The psychedelic insight that started a sobriety arc

Glass of water on a DJ mixer in a dark club setting representing sobriety in nightlife

During a psychedelic high, I realized I want to stop drinking. The sentence that came through was simple: “I want to go sober for love.”

Not for health. Not for productivity. Not because a doctor told me to or because I hit some dramatic rock bottom. For love. Whatever that meant in that moment — love for the work, love for the people who show up every weekend, love for the version of myself that doesn’t wake up with cuts on his hands and no memory of how they got there — it landed hard enough to stick.

The next day I was planning a full reset. Cut caffeine, sugar, alcohol, nicotine, all of it. A 30-day dopamine reset. I even considered shaving my head as a deliberate transformation marker — burn the image, start clean. The full dramatic arc.

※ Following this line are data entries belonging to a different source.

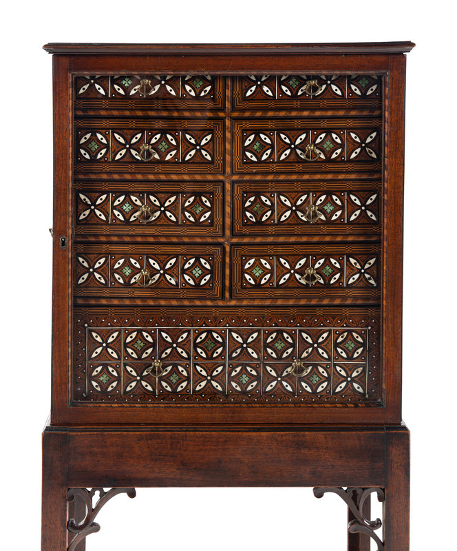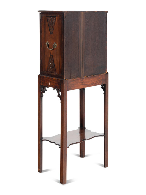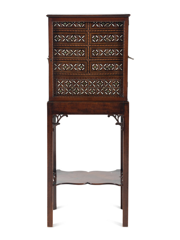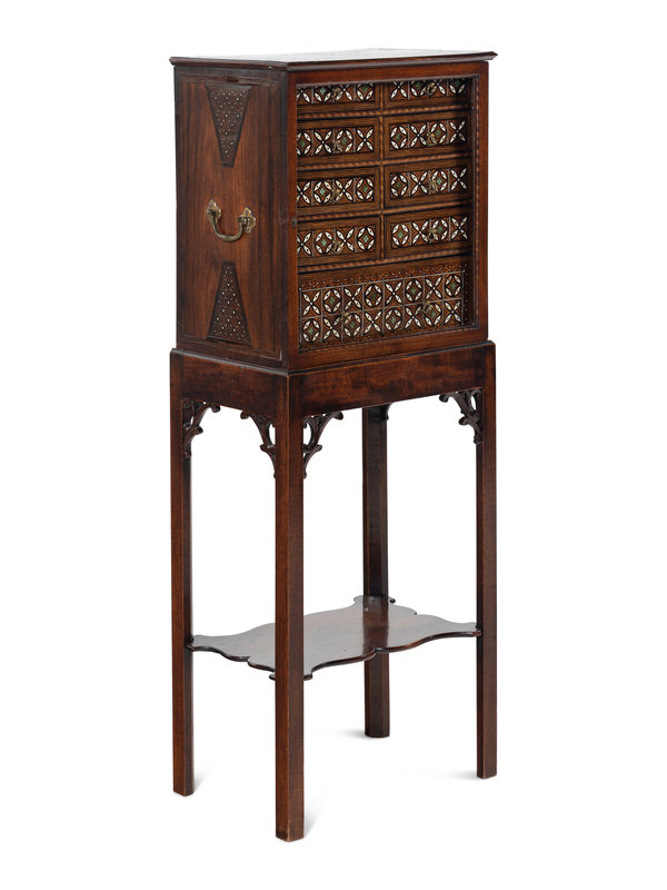 An English Various Woods and Ivory-Inlaid Collector's Case on Stand
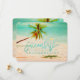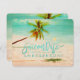 PixDezines tropical beach and a palm tree with turquoise blue ocean backdrop as save our date. Add your engagement photo on reversed. PixDezines dynamic designs allow you to edit any element on this invitation template.
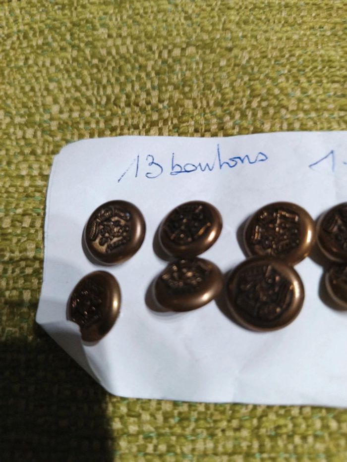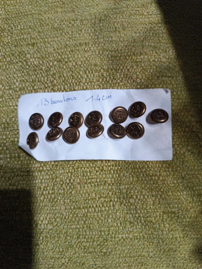Lot 13 boutons à coudre dorés 1.3 cm, décor armoiries, plastique façon métal. TBE
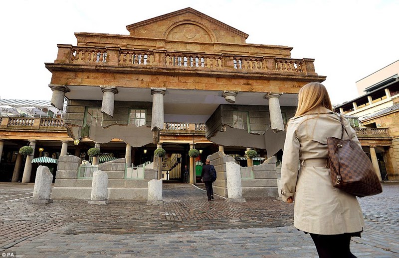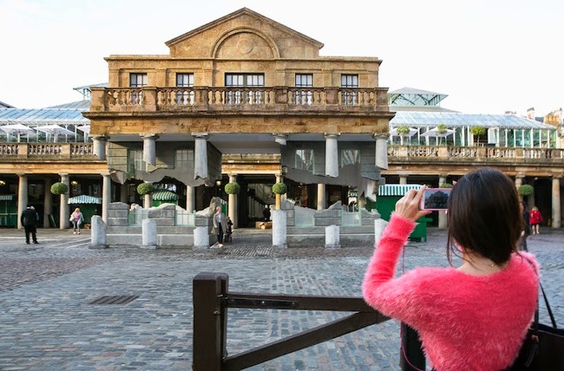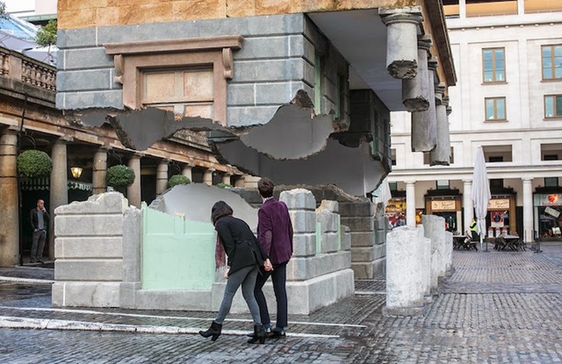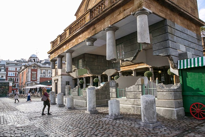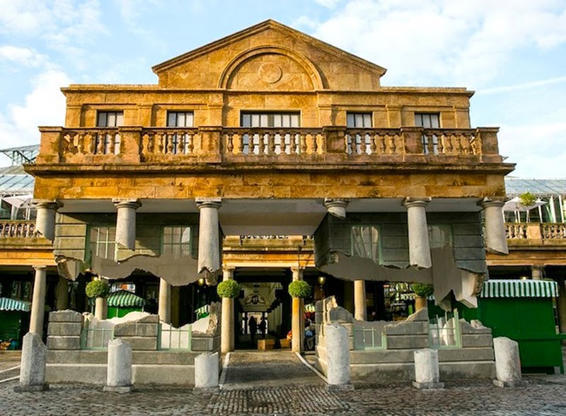 On his latest project, Alex Chinneck, a British artist, has created what looks like a floating building. The project is titled “Take My Lightning But Don’t Steal My Thunder”. Â A section of the convent Garden Market Building (which is 184 year old) looks like it’s been cut horizontally and is levitating at more than 10 feet over its detached half.
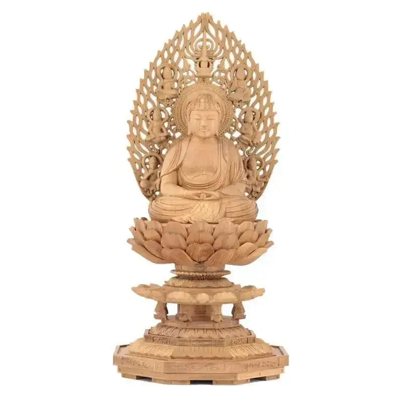 白檀仏像 八角台座 座阿弥陀 【天台宗】:2.0寸 / 木地 / 飛天光背
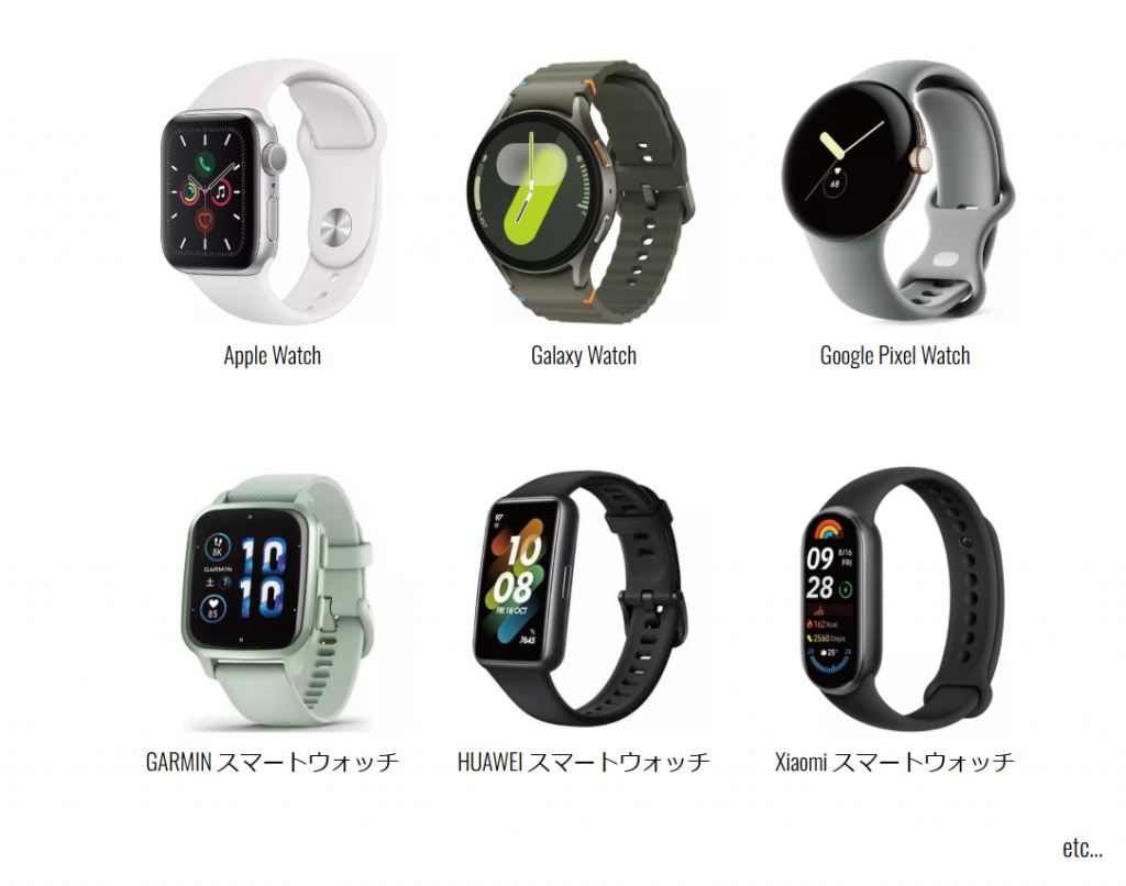 Apple Watchをはじめ、Samsung Galaxy Watch、Fitbit、Garmin、HUAWEIなど各社がラインナップを強化し、ライフログだけでなく決済・音声通話・メール通知・体温測定など多機能化が進行中。

Here’s the thing about running raves and going sober: nobody thinks you’re serious. The guy who books 12-hour techno events and runs a harm reduction table at his own parties is now telling you he wants to quit drinking. The irony writes itself.

But the irony is the point. I’ve been inside the scene long enough to know what it does to people. The scene is a meat grinder. Vices pushed to 11. Most get swallowed up by drugs. I’ve watched it happen. I’ve been part of it. I convinced myself for years that I needed alcohol to socialize and get gigs. There are plenty of extremely successful people doing great without it. That took too long to learn.

I woke up one Monday morning in CDMX with cuts on my hand and a scratch on my forehead and without my phone. Nothing was too serious. I took it as a big warning. The hierarchy was already clear by then — psychedelics felt fine, alcohol was the real problem. But knowing that and acting on it are different things when your entire social world runs on open bars and afterparty culture.


The sobriety isn’t a brand play. I tried partying completely sober and couldn’t enjoy it. That’s honest. The experiments failed more than they succeeded. But the direction is the direction — less substances, more control, fewer mornings I can’t account for.

I started framing it as dark culture discipline. Not the wellness-influencer version of sobriety with green juice and gratitude journals. The operator version. Being sharper, clearer, harder than the average raver. Sobriety as an edge, not a retreat.

Work replaced drugs more than willpower did. When the operational demands scaled up — marketing, bookings, door, bar, stage design, all solo — there was less room for the blur. Barely smoking weed anymore. One hit every two weeks, no stash. The substance use didn’t stop because of a moral reckoning. It stopped because the work got bigger than the high.

I still run harm reduction at every event. SafeRaveNYC at the table with fentanyl strips and social support. That partnership exists because I know what the community goes through. I’m not outside it looking in. I’m inside it trying to build something that doesn’t require people to destroy themselves to participate.

The psychedelic insight didn’t solve anything permanently. It opened a door. Walking through it is the ongoing work.